[Opening Exercise inputs section]
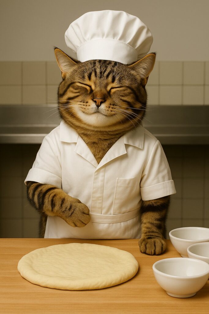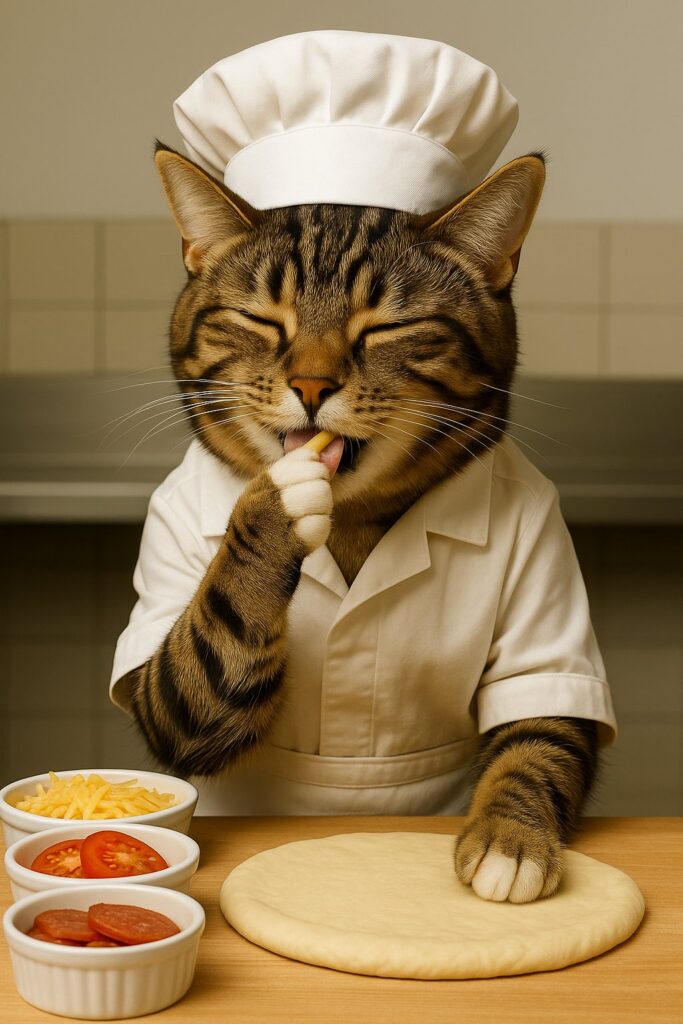 In the background, a human pizza chef stands with arms crossed, looking at the cat with an exasperated expression.
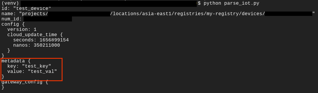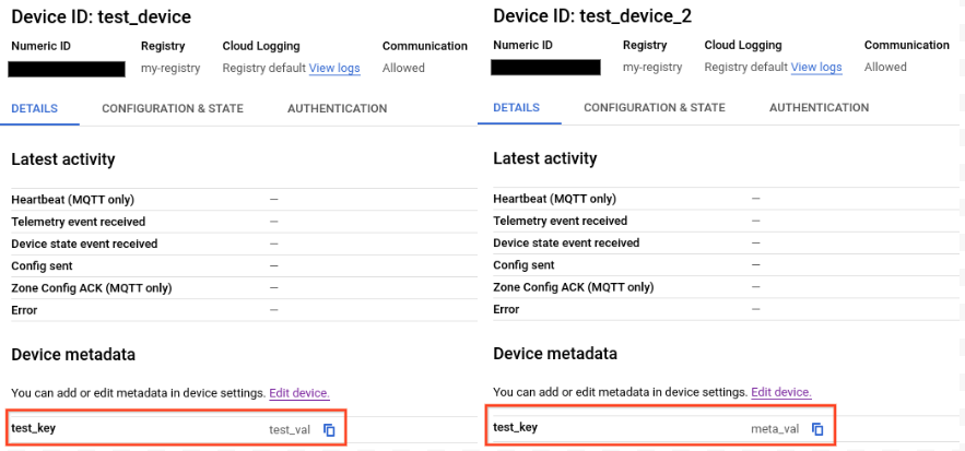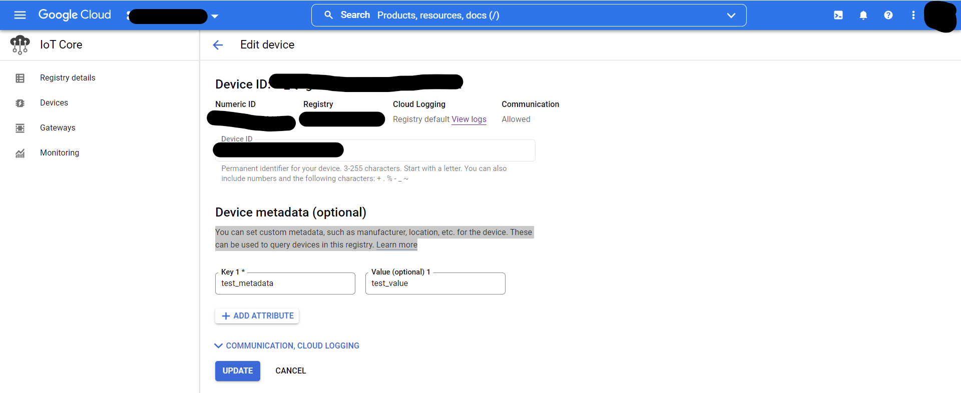 当我转到IOT核心注册表页面(在GCP控制台上)并选择一个设备时,我可以编辑它。那里有一个“设备元数据”部分,读取以下内容:
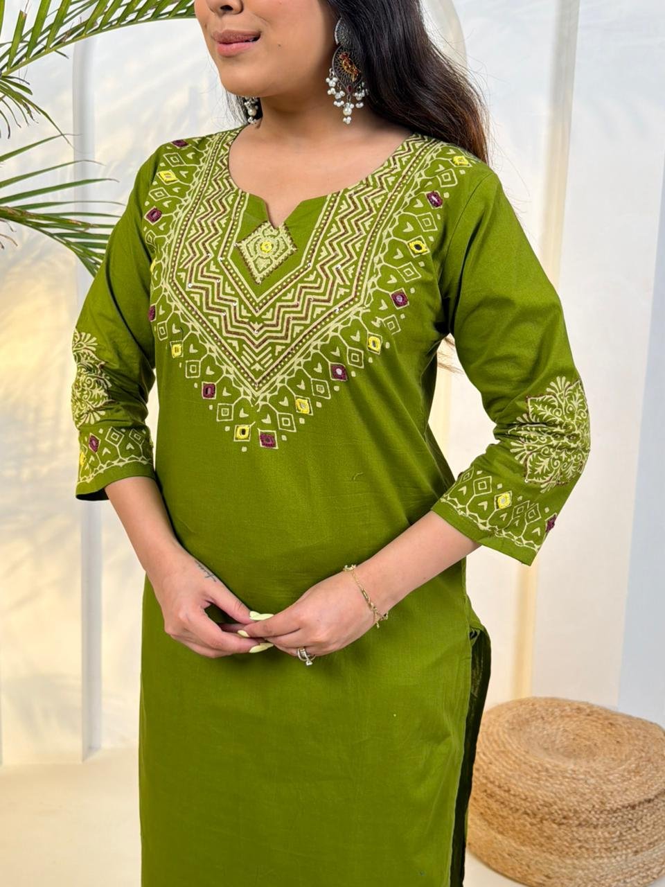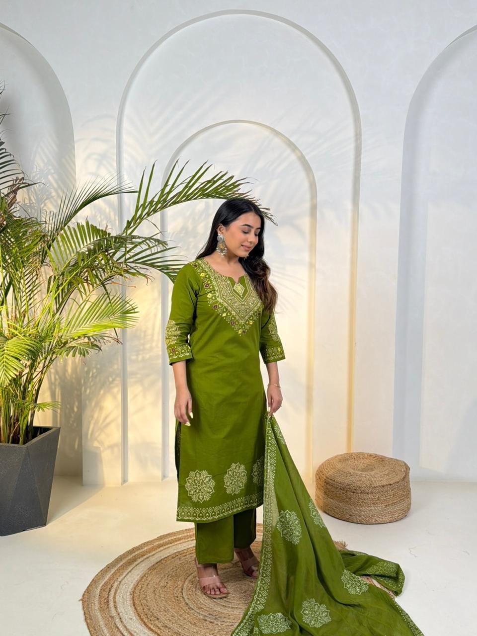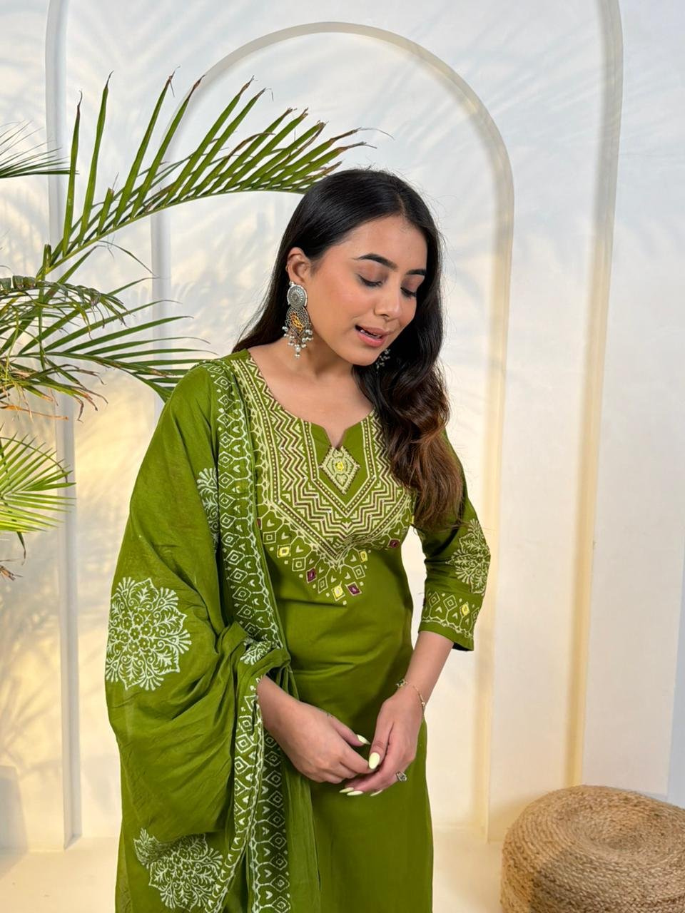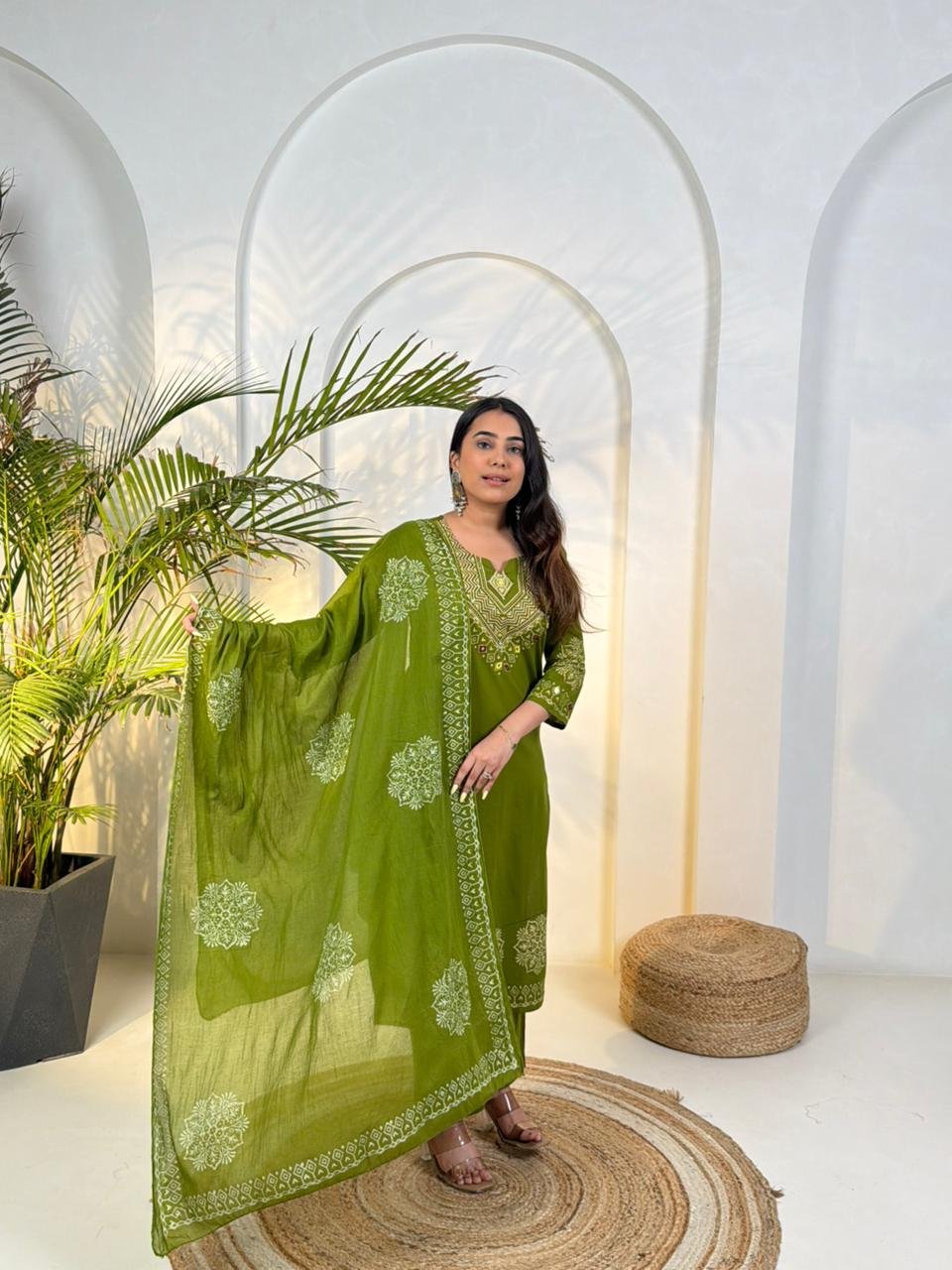 The DU-048 Dabu 3PC Set reflects traditional craftsmanship with a stylish ethnic look. Crafted from authentic Dabu cotton, the outfit features handblock prints combined with handwork detailing.
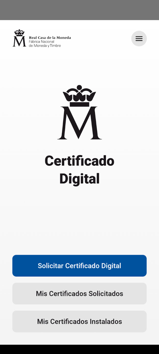 La opción más rápida para la mayoría de usuarios es la aplicación oficial Certificado Digital FNMT, disponible tanto en Google Play (Android) como en la App Store (iPhone). Una vez descargada e iniciada la sesión, el botón de acción principal (visible en la parte superior de la pantalla en color azul) te llevará directamente al proceso de solicitud.
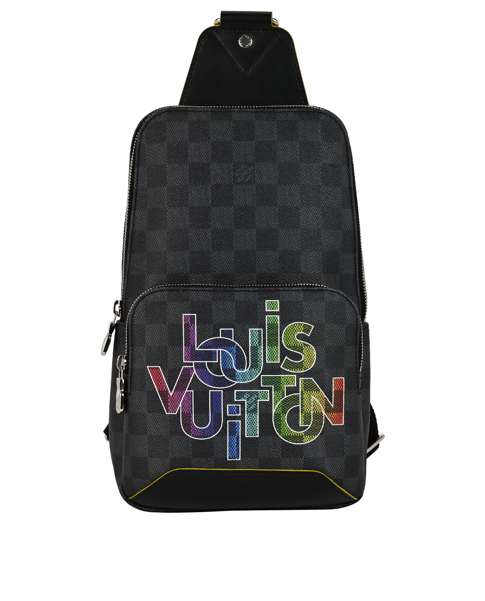 The Avenue Slingbag is made from Damier Graphite canvas with a Louis Vuitton Paris leather patch on the front outside pocket, adding a contemporary twist. The adjustable nylon strap can be attached to the D-ring on right or left side of the bag. It is more sustainable than earlier models, thanks to its canvas strap and lining.
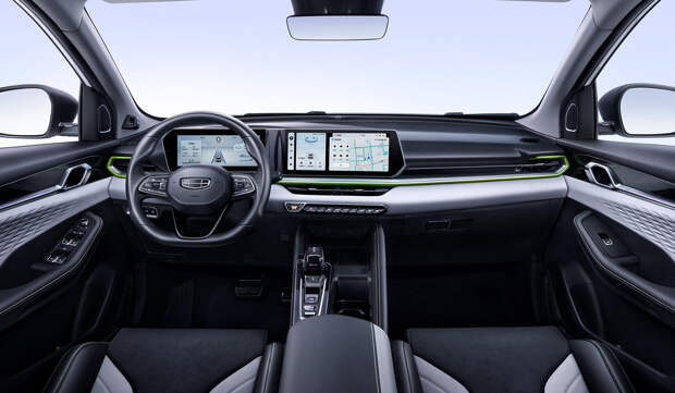 Салон полностью новый — и, увы, лишенный части оригинальных решений, отличавших прежний Coolray. Например, упразднен геометрический дизайн центрального тоннеля, а ручки отпирания дверей больше не объединены с рукоятками. Приборный экран (10,25 дюйма) теперь без козырька и визуально объединен с дисплеем медиасистемы (12,3 дюйма). Установлен новый селектор трансмиссии, появился беспроводной зарядник для гаджетов.
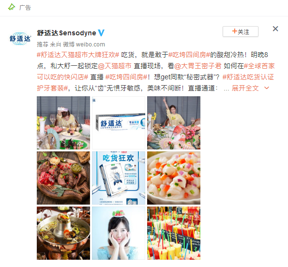 通过舒适达的宣传海报我们可以看到,其营销点在于“吃货”,这正符合当下年轻人的美食攻略。通过这些营销痛点,找到符合自己的品牌定位,让粉丝跟品牌之间形成互动,更好的推动品牌营销。
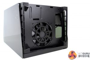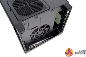 Around the back of the case where you would normally find the rear I/O and power connection is rather sparse. There are just two vents on the back, one removable filtered vent for the power supply air intake and a smaller unfiltered vent underneath where the graphics card is positioned.
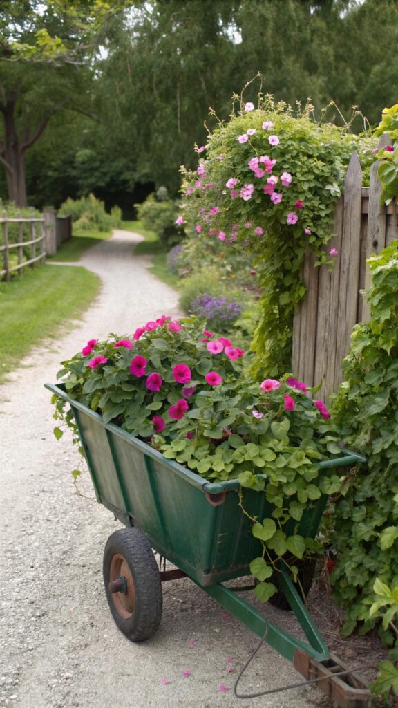 Repurpose a rustic garden cart as a decorative element. Fill it with trailing plants like ivy and petunias. Place it in a corner or along a pathway for a charming touch.
[Closing Exercise inputs section]
• Action item: All lines from the start of the entries through the one with "通过舒适达的宣传海报我们可以" are to be output exactly; omit the pictures.

• Task answer:
 In the background, a human pizza chef stands with arms crossed, looking at the cat with an exasperated expression.
 当我转到IOT核心注册表页面(在GCP控制台上)并选择一个设备时,我可以编辑它。那里有一个“设备元数据”部分,读取以下内容:
 The DU-048 Dabu 3PC Set reflects traditional craftsmanship with a stylish ethnic look. Crafted from authentic Dabu cotton, the outfit features handblock prints combined with handwork detailing.
 La opción más rápida para la mayoría de usuarios es la aplicación oficial Certificado Digital FNMT, disponible tanto en Google Play (Android) como en la App Store (iPhone). Una vez descargada e iniciada la sesión, el botón de acción principal (visible en la parte superior de la pantalla en color azul) te llevará directamente al proceso de solicitud.
 The Avenue Slingbag is made from Damier Graphite canvas with a Louis Vuitton Paris leather patch on the front outside pocket, adding a contemporary twist. The adjustable nylon strap can be attached to the D-ring on right or left side of the bag. It is more sustainable than earlier models, thanks to its canvas strap and lining.
 Салон полностью новый — и, увы, лишенный части оригинальных решений, отличавших прежний Coolray. Например, упразднен геометрический дизайн центрального тоннеля, а ручки отпирания дверей больше не объединены с рукоятками. Приборный экран (10,25 дюйма) теперь без козырька и визуально объединен с дисплеем медиасистемы (12,3 дюйма). Установлен новый селектор трансмиссии, появился беспроводной зарядник для гаджетов.
 通过舒适达的宣传海报我们可以看到,其营销点在于“吃货”,这正符合当下年轻人的美食攻略。通过这些营销痛点,找到符合自己的品牌定位,让粉丝跟品牌之间形成互动,更好的推动品牌营销。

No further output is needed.